Laurent Ruquier
Et son pote Lemoine


 
Evidemment, Jean-Luc Lemoine en monstre de Frankenstein, ça peut paraître curieux. D'autant que mon dessin est fait d'après de vagues souvenirs de Jean-Luc Lemoine, et est donc vraisemblablement assez éloigné de son modèle d'origine. Ce qui n'est après tout pas bien grave, puisque Jean-Luc Lemoine est l'incarnation humaine du mot " vague ". Malgré sa présence presque systématique au sein de On A Tout Essayé, son manque évident de charisme et de personnalité réduit à néant toute sa volonté de marquer les esprits. Dans une récente mise à jour, on tapait sur la tête de Michel Drucker, et c'était très drôle, d'ailleurs, il n'y avait rien à redire, sauf que je pense que Jean-Luc Lemoine mérite cent fois plus le qualificatif de bibelot que son aîné.
 
Jean-Luc Lemoine n'est qu'un objet.

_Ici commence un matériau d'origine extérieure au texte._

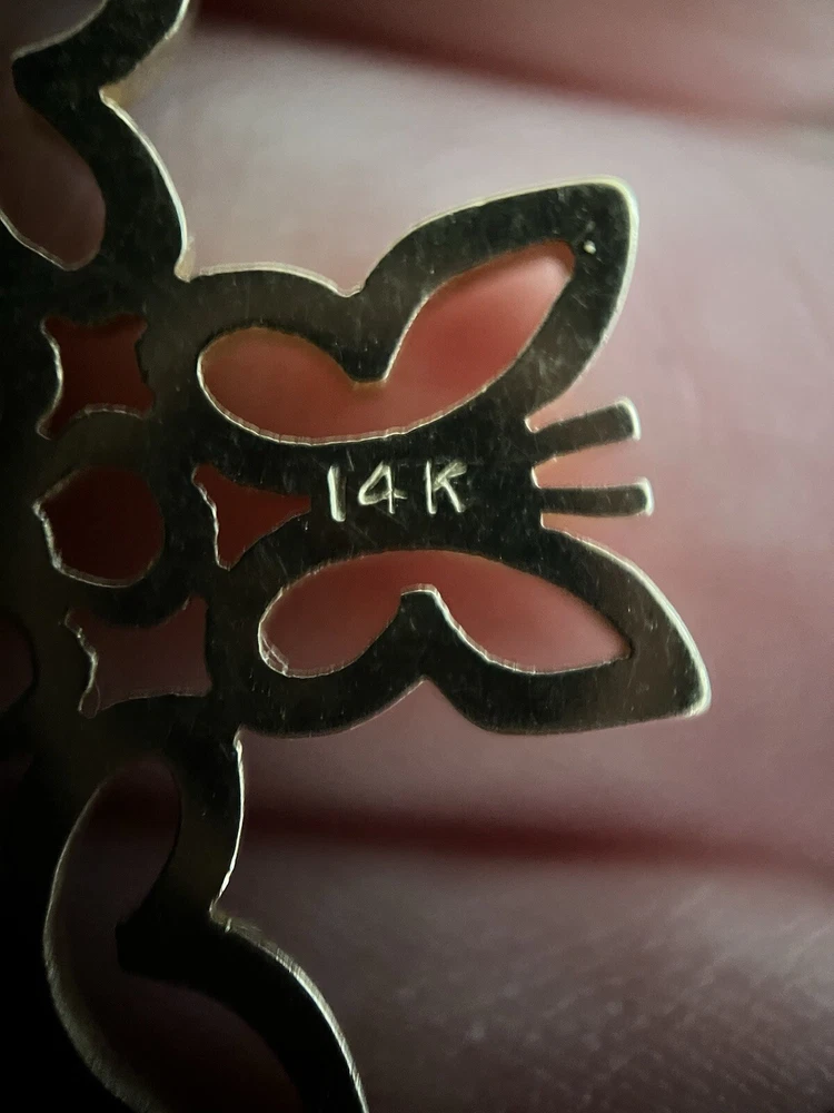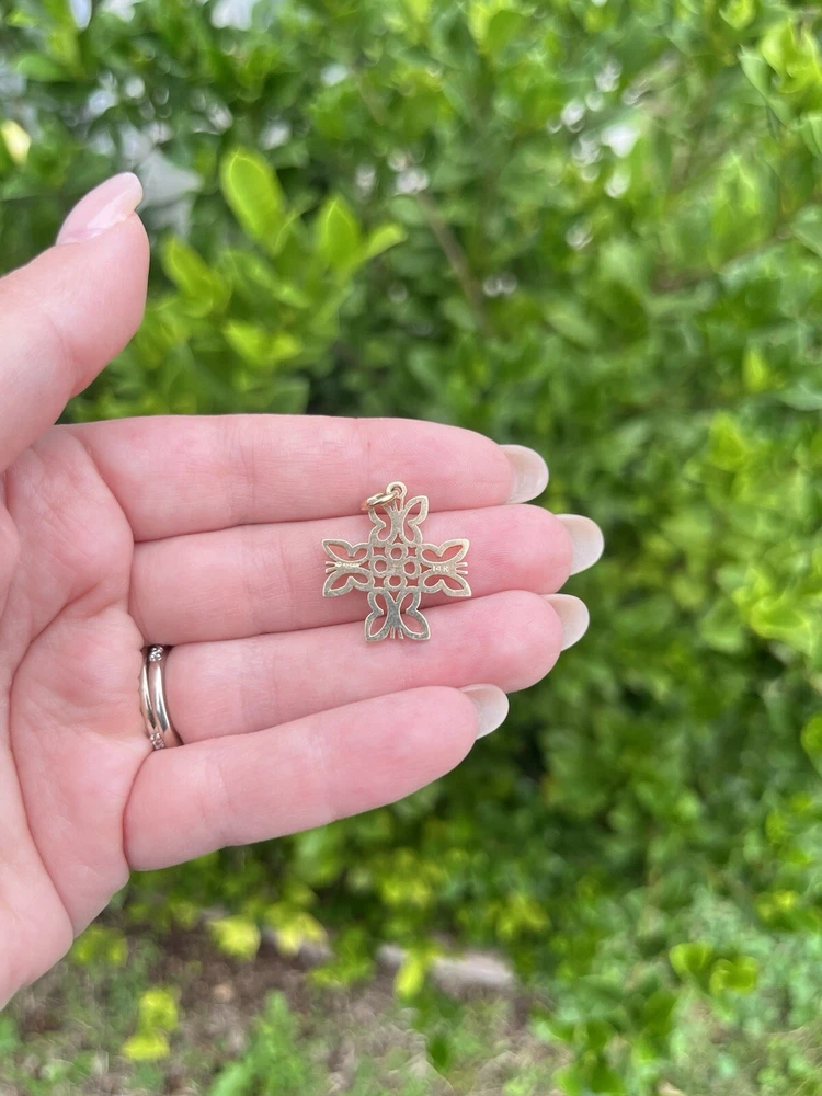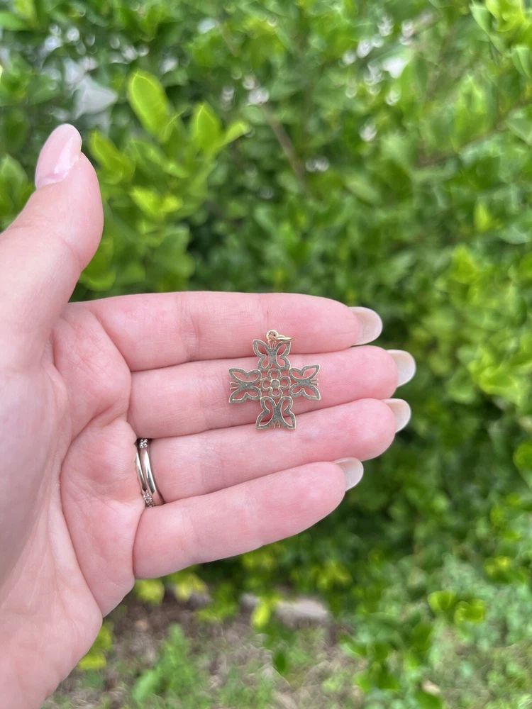 James Avery butterfly cross pendant 14k yellow gold Approximately 2.7 grams Approximately 20mm wide (Item is preowned, wear and tear may be present such as blemishes, scratching, or imperfections. Item may need buffing and/ or polishing. All sales final)

Il a été assemblé de toutes pièces par Laurent Ruquier, dans un laboratoire poussiéreux, décoré façon série B à grand renfort de bocaux de formol entreposés sur des planches de bois vermoulues et de filtres en verre, où bouillonnent des poisons et des préparations maléfiques. Ruquier oeuvrait dans ce lieu à la création de son monstre...
 
Il a récupéré un peu tout ce qu'il a pu : les jambes d'un golfeur cancéreux, le torse d'un végétarien asthmatique, les bras d'un joueur de triangle, la tête d'un pigiste de Télé 7 Jours, et une perruque volée sur un établi de coiffeur. Le cerveau, récupéré d'un ancien humoriste des années 30, mort lapidé par son propre public alors qu'il se produisait au Don Camillo, a été partagé entre lui et Jean-François Dérec.
 
Trois boulons, du fil et une aiguille suffirent pour assembler la chose, et une légère impulsion électrique réussit à l'animer. Jean-Luc Lemoine était né.
 
Voila pour le côté Frankestein, que notre héros ne renie pas lui même, d'ailleurs, puisqu'il se plait à s'exposer la gueule colorié en vert sur les affiches de son spectacle " Jean-Luc Lemoine est inquiétant ". Comme quoi...
 
Le côté " vague souvenir ", maintenant. Il peut paraître paradoxal qu'un type créé de toutes pièces laisse aussi peu d'empreintes dans l'inconscient, puisqu'il s'agit quand même d'un prodige technologique. Et pourtant, c'est vrai. Quand on demande à un quidam lambda de citer six membres de la bande à Ruquier, il va sauter sur Steevy, Miller, Sarraute, Mezrahi, Derec et Alonso. Mergault, Gelluck ou Maxime se disputeront les places d'honneur, mais Lemoine, je l'ai souvent constaté, est systématiquement oublié. Ce n'est d'ailleurs pas un hasard si il a été, ce me semble, mis de côté pour La Presse Est Unanime.
 
Voila donc pourquoi j'ai laissé mon imagination prendre le relais, et que j'ai renoncé à me documenter sur le personnage. Ca n'en valait pas la peine. Jean-Luc Lemoine est une plante verte, un élément de décor, une poupée gonflable, encore qu'à mon avis, bien peu de filles fantasment sur l'individu, qui doit avoir un zgègue à l'image du reste, blanc/vert, flappi, et mou.